[CentOS] Looking for a life-save LVM Guru

Sun Mar 1 00:14:45 UTC 2015
Chris Murphy <lists at colorremedies.com>

On Sat, Feb 28, 2015 at 4:29 PM, Valeri Galtsev
<galtsev at kicp.uchicago.edu> wrote:

> You are implying that firmware of hardware RAID cards is somehow buggier
> than software of software RAID plus Linux kernel (sorry if I
> misinterpreted your point).

"Drives, and hardware RAID cards are subject to firmware bugs, just as
we have software bugs in the kernel." makes no assessment of how
common such bugs are relative to each other.

> I disagree: embedded system of RAID card and
> RAID function they have to fulfill are much simpler than everything
> involved into software RAID. Therefore, with the same effort invested,
> firmware of (good) hardware is less buggy.

There's no evidence provided for this. All I've stated is bugs happen
in both software and the firmware on hardware RAID cards.
http://www.cs.toronto.edu/~bianca/papers/fast08.pdf

And further there's a widespread misperception that RAID56 (whether
software or hardware) is capable of detecting and correcting
corruption.


> And again, Linux kernel can be
> panicked more likely than trivial embedded system of hardware RAID
> card/box. At least my experience over decade and a half confirms that.

I'd say this is not a scientific sample and therefore unproven. I can
provide my own non-scientific sample: an XServe running OS X with
software raid1 which has never, in 8 years, kernel panicked. Its
longest uptime was over 500 days, and was only rebooted due to a
system upgrade that required it. There's nothing special about the
XServe that makes this magic, it's just good hardware with ECC memory,
enterprise SAS drives, and a capable though limited kernel. So there's
no good reason to expect kernel panics. Having them means something is
wrong.

> I have my raids verified once a week. If you don't
> verify them for a year, what happens then: you don't discover individual
> drive degradation until it is too late and larger number than the level of
> redundancy are kicked out because of fatal failures.

This is a common problem on software and hardware RAID alike, the lack
of scrubbing.
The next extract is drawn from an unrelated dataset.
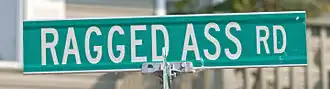 - π Ragged Ass Road (150 m long between Brock and Hamilton drives near the lakeshore). This otherwise undistinguished short unpaved residential street is known for its name, which started as a joke among prospectors about their lack of success one season, far beyond Yellowknife. Before you get a signature souvenir sign or T-shirt from one of the many shops in town that sells them, you might want to walk down the actual street and take a picture of the official sign, now that the city has finally acknowledged its existence, so you can confirm to people you tell the story to back home that, yes, this street actually exists.

Also recognize that software raid tends to bring along
cheaper drives that aren't well suited for RAID use, whereas people
spending money on hardware raid tend to invest in appropriate drives.
That prevents problems due to proper SCT ERC settings on the drive.

>Anyway, these
> horror stories were purely poor sysadmin's job IMHO.

I agree. This is common in any case.


-- 
Chris Murphy